With object layout information, we could then find objects that have a unique combination of {size, pointer positions}, and assume that any objects in the heap that match those patterns are necessarily those kinds of objects, which gives us a starting point to begin our object traversal. This could be used instead of an OID file, or supplemented by it.

This approach is complicated by the fact that the moduledata structure both can and does change between versions; and, in particular, by recently inserted new rdata and gofunc fields that change the location of typelinks within the structure. In theory, we could fix this by linking a helper function into the program being debugged that exported type information from the runtime structures; however, access to these via go:linkname is broken as of go 1.18 (cf go:linkname must refer to declared function or variable · Issue #51706 · golang/go · GitHub). Ultimately, extracting this information may be a matter of building a custom, patched version of the runtime that emits module type information via an exported interface. For bonus points, we might even try to get a stable API to access this limited subset of type information upstreamed.

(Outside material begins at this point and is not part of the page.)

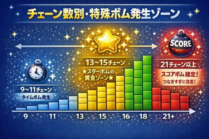 他の特殊ボムに邪魔されず、スターボムの確率を最大限に高められる「聖域」こそが、13チェーンなのです。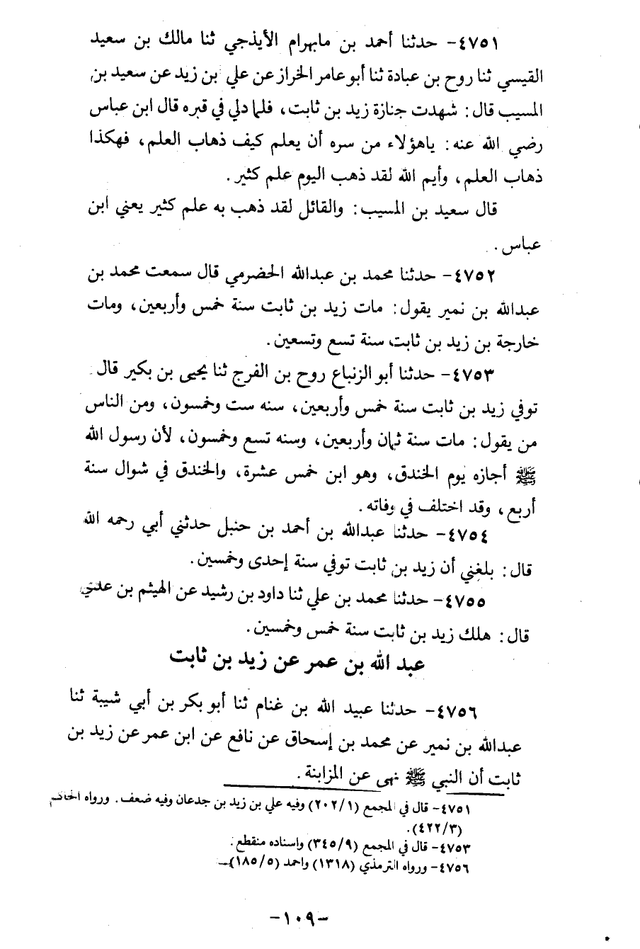 4754 - حَدَّثَنَا عَبْدُ اللهِ بْنُ أَحْمَدَ بْنِ حَنْبَلٍ، حَدَّثَنِي أَبِي رَحِمَهُ اللهُ قَالَ: «بَلَغَنِي أَنَّ §زَيْدَ بْنَ ثَابِتٍ تُوُفِّيَ سَنَةَ إِحْدَى وَخَمْسِينَ»

It may be possible to pull in additional information from pprof output as well to assist in object identification. I have not yet done much research in this direction.

On a separate note: currently, when creating the graph, there is no attempt to remove cycles of objects that point to the object in question but which do not lie on any path to an anchor that doesn't first pass through the object itself. These cycles of objects aren't interesting in tracking down leaks, since they aren't responsible for keeping the object from being collected. It would be nice to have an option that removes these extraneous objects. This analysis could also be used to identify and highlight cycles of objects with finalizers set on one of the objects in a cycle.